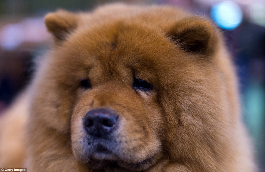 A chow chow shows off his impressive coat as he poses for a picture during the first day of the prestigious event
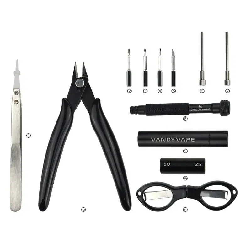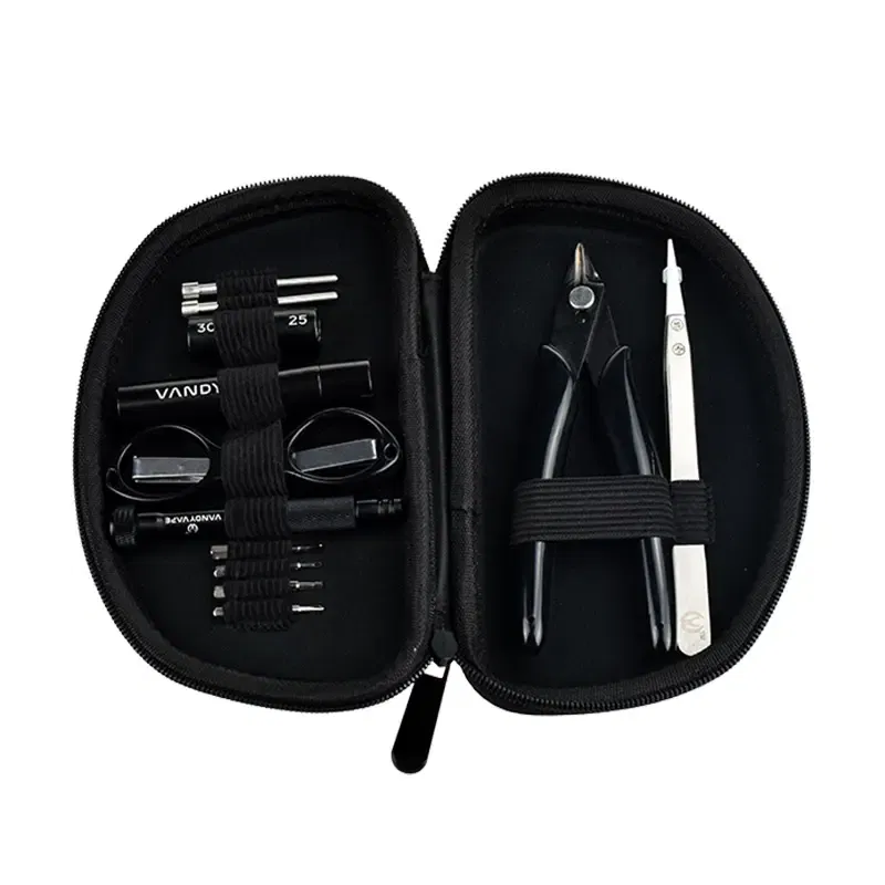 Vandy Vape DIY Simple Tool Kit Pro. A compact and affords set of essential tools in a durable zippered carrying case. It includes one Ceramic tweezer, three screwdrivers, two Inner- hexagon screws, four Coil Kits, and Scissors and Pliers.
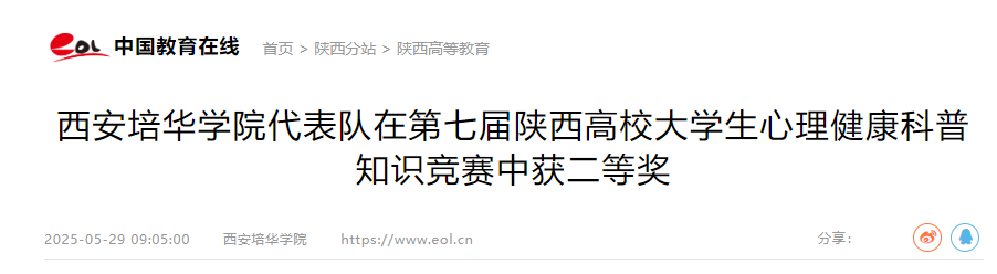 西安培华学院将以此次获奖为起点,持续深化心理健康教育工作。通过优化心理健康课程体系、丰富心理实践活动,帮助学生掌握情绪管理、压力应对技巧,塑造积极向上的心态,助力学生在成长道路上直面挑战、自信前行;同时充分发挥朋辈力量,加强心理委员、宿舍心理信息员等朋辈队伍建设,开展专业培训提升朋辈互助能力,形成“自助-互助-他助”的良性循环,让心理健康教育真正融入学生日常,共筑温暖有爱的心灵成长家园。
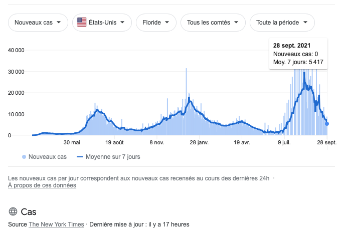 Au moment où cet article est rédigé (23 septembre 2021), en Floride une vague (variant Delta) était en train de baisser, et au Québec une vague était en train de monter. Il est ainsi possible de voir où en est la pandémie, même si – de notre point de vue – il est vain de vouloir comparer les différents pays.
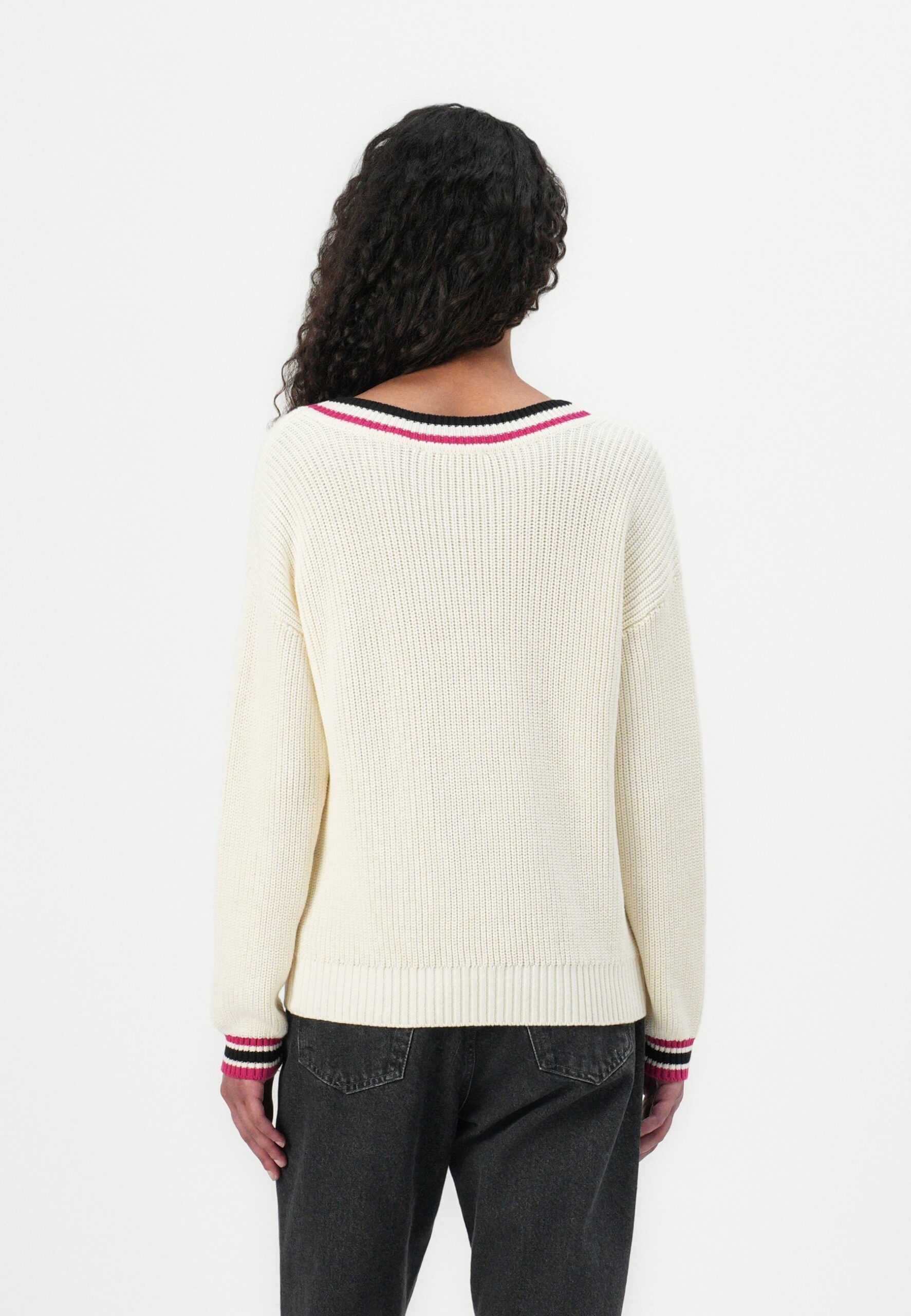 SHAKER STITCH V NECK PULLOVER – Jumper – eggnog
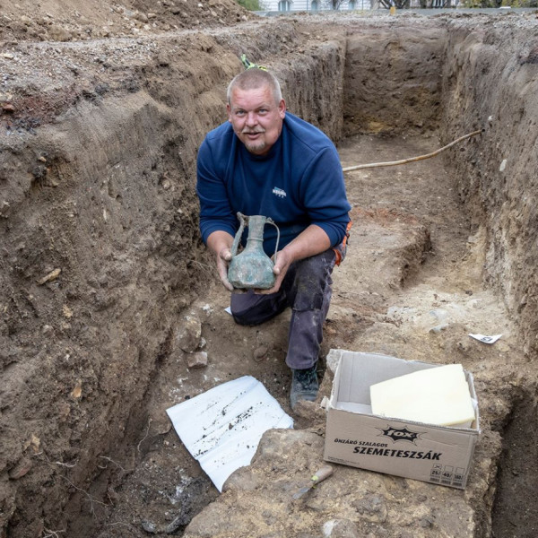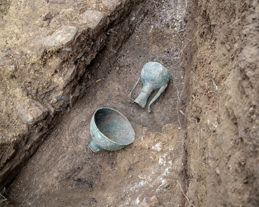 A szokásos edénytöredékek, állatcsontdarabok mellett november 6-án délután az épület kőfala mellett két darab, teljesen ép állapotú rézedény került elő. Az egyik egy kiöntőcsöves kanna, a másik egy talpas tál. Az előkerült kannatípusból mindössze két darabot őriz a Janus Pannonius Múzeum Baranya megye területéről. A tál kerámiából készült változata gyakori tárgytípus, de fémből készült darab még nem ismert a megyéből. Összességében tehát két ritka és jelentős tárggyal gyarapodott a Janus Pannonius Múzeum régészeti gyűjteménye. A két edény dokumentálás után a restaurátorműhelybe került. Csornay Boldizsár, a Janus Pannonius Múzeum igazgatója elmondta: örül az újabb eredményeknek, s a két műtárgy a jövőben létrehozandó állandó régészeti kiállítás része lesz.
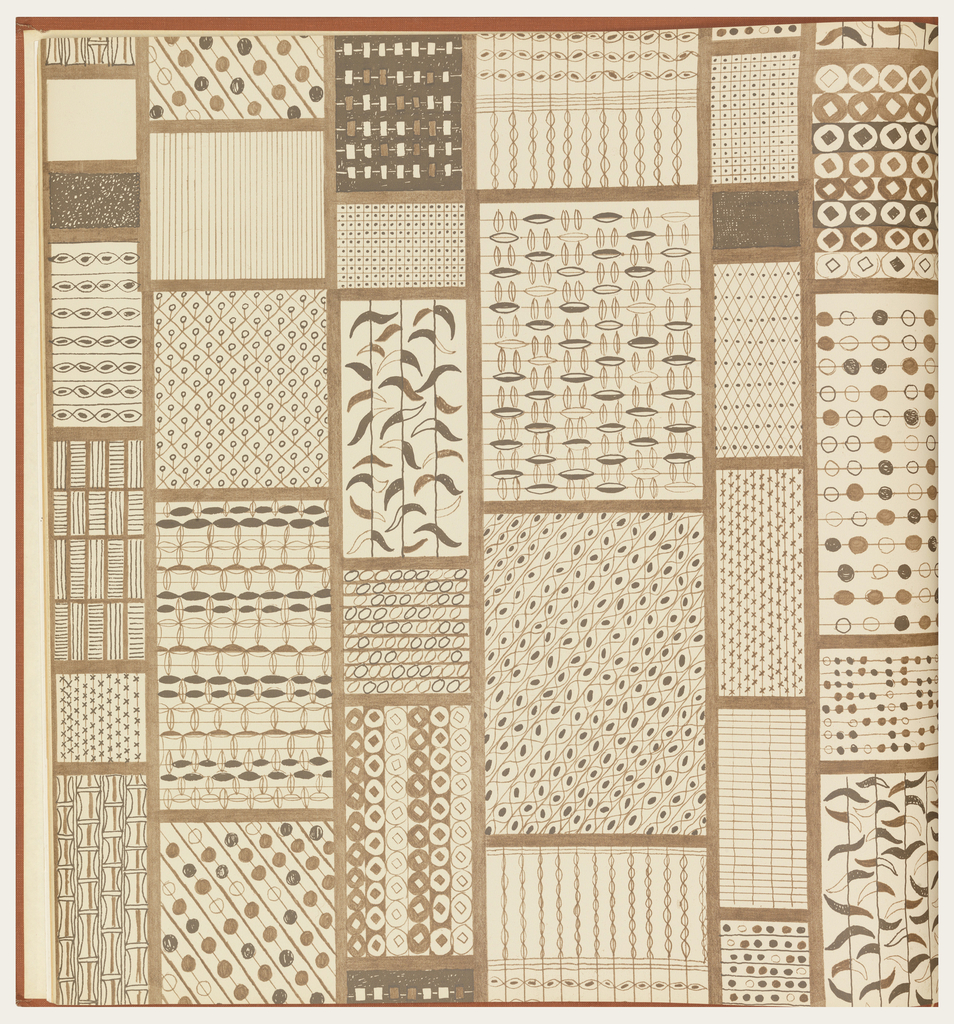 This is a Sample book. It was designed by Ilonka Karasz, William Justema, Marion Dorn Kauffer and Lanette Scheeline and made by Katzenbach and Warren, Inc.. It is dated 1956 and we acquired it in 1980. Its medium is intaglio-printed paper; plastic coated. It is a part of the Wallcoverings department.

════════

§ YOUR ASSIGNMENT
Could you retype the records above exactly, omitting the pictures?

§ RESPONSE BOX
 A chow chow shows off his impressive coat as he poses for a picture during the first day of the prestigious event
 Vandy Vape DIY Simple Tool Kit Pro. A compact and affords set of essential tools in a durable zippered carrying case. It includes one Ceramic tweezer, three screwdrivers, two Inner- hexagon screws, four Coil Kits, and Scissors and Pliers.
 西安培华学院将以此次获奖为起点,持续深化心理健康教育工作。通过优化心理健康课程体系、丰富心理实践活动,帮助学生掌握情绪管理、压力应对技巧,塑造积极向上的心态,助力学生在成长道路上直面挑战、自信前行;同时充分发挥朋辈力量,加强心理委员、宿舍心理信息员等朋辈队伍建设,开展专业培训提升朋辈互助能力,形成“自助-互助-他助”的良性循环,让心理健康教育真正融入学生日常,共筑温暖有爱的心灵成长家园。
 Au moment où cet article est rédigé (23 septembre 2021), en Floride une vague (variant Delta) était en train de baisser, et au Québec une vague était en train de monter. Il est ainsi possible de voir où en est la pandémie, même si – de notre point de vue – il est vain de vouloir comparer les différents pays.
 SHAKER STITCH V NECK PULLOVER – Jumper – eggnog
 A szokásos edénytöredékek, állatcsontdarabok mellett november 6-án délután az épület kőfala mellett két darab, teljesen ép állapotú rézedény került elő. Az egyik egy kiöntőcsöves kanna, a másik egy talpas tál. Az előkerült kannatípusból mindössze két darabot őriz a Janus Pannonius Múzeum Baranya megye területéről. A tál kerámiából készült változata gyakori tárgytípus, de fémből készült darab még nem ismert a megyéből. Összességében tehát két ritka és jelentős tárggyal gyarapodott a Janus Pannonius Múzeum régészeti gyűjteménye. A két edény dokumentálás után a restaurátorműhelybe került. Csornay Boldizsár, a Janus Pannonius Múzeum igazgatója elmondta: örül az újabb eredményeknek, s a két műtárgy a jövőben létrehozandó állandó régészeti kiállítás része lesz.
 This is a Sample book. It was designed by Ilonka Karasz, William Justema, Marion Dorn Kauffer and Lanette Scheeline and made by Katzenbach and Warren, Inc.. It is dated 1956 and we acquired it in 1980. Its medium is intaglio-printed paper; plastic coated. It is a part of the Wallcoverings department.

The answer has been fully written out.